» **Exercise prompt**:
The required answer is an exact copy of every line from the beginning of the entries through the line with "No filler. No", with all pictures omitted.

» **Information supplied**:
::::::::::

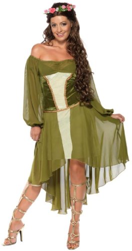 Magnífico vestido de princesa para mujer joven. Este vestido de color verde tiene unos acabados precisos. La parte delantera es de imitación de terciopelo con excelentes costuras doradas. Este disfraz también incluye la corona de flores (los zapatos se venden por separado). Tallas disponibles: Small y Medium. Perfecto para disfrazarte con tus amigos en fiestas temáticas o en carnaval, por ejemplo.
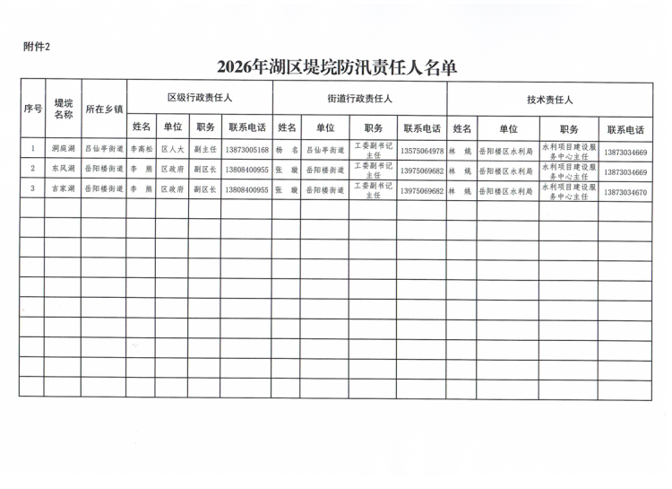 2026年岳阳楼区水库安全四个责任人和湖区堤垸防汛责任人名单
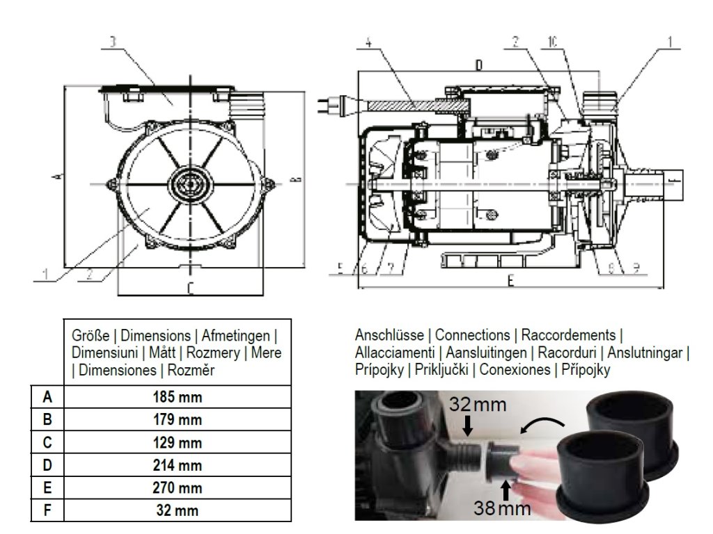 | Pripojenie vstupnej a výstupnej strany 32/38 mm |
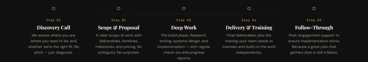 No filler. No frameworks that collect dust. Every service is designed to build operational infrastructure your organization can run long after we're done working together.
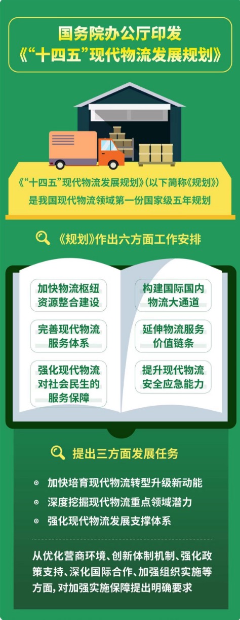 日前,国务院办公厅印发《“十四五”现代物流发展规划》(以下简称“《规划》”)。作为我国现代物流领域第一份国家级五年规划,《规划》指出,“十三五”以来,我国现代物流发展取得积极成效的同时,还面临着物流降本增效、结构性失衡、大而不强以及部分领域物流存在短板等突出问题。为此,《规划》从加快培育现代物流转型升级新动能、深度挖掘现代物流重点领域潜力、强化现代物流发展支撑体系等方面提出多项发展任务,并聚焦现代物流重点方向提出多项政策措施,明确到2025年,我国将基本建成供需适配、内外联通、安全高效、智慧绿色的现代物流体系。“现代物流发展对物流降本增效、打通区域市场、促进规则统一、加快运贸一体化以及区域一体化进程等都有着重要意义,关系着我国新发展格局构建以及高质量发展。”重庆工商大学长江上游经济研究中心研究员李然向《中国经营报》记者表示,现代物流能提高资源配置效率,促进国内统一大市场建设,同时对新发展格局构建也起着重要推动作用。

::::::::::

» **Reply**:
 Magnífico vestido de princesa para mujer joven. Este vestido de color verde tiene unos acabados precisos. La parte delantera es de imitación de terciopelo con excelentes costuras doradas. Este disfraz también incluye la corona de flores (los zapatos se venden por separado). Tallas disponibles: Small y Medium. Perfecto para disfrazarte con tus amigos en fiestas temáticas o en carnaval, por ejemplo.
 2026年岳阳楼区水库安全四个责任人和湖区堤垸防汛责任人名单
 | Pripojenie vstupnej a výstupnej strany 32/38 mm |
 No filler. No frameworks that collect dust. Every service is designed to build operational infrastructure your organization can run long after we're done working together.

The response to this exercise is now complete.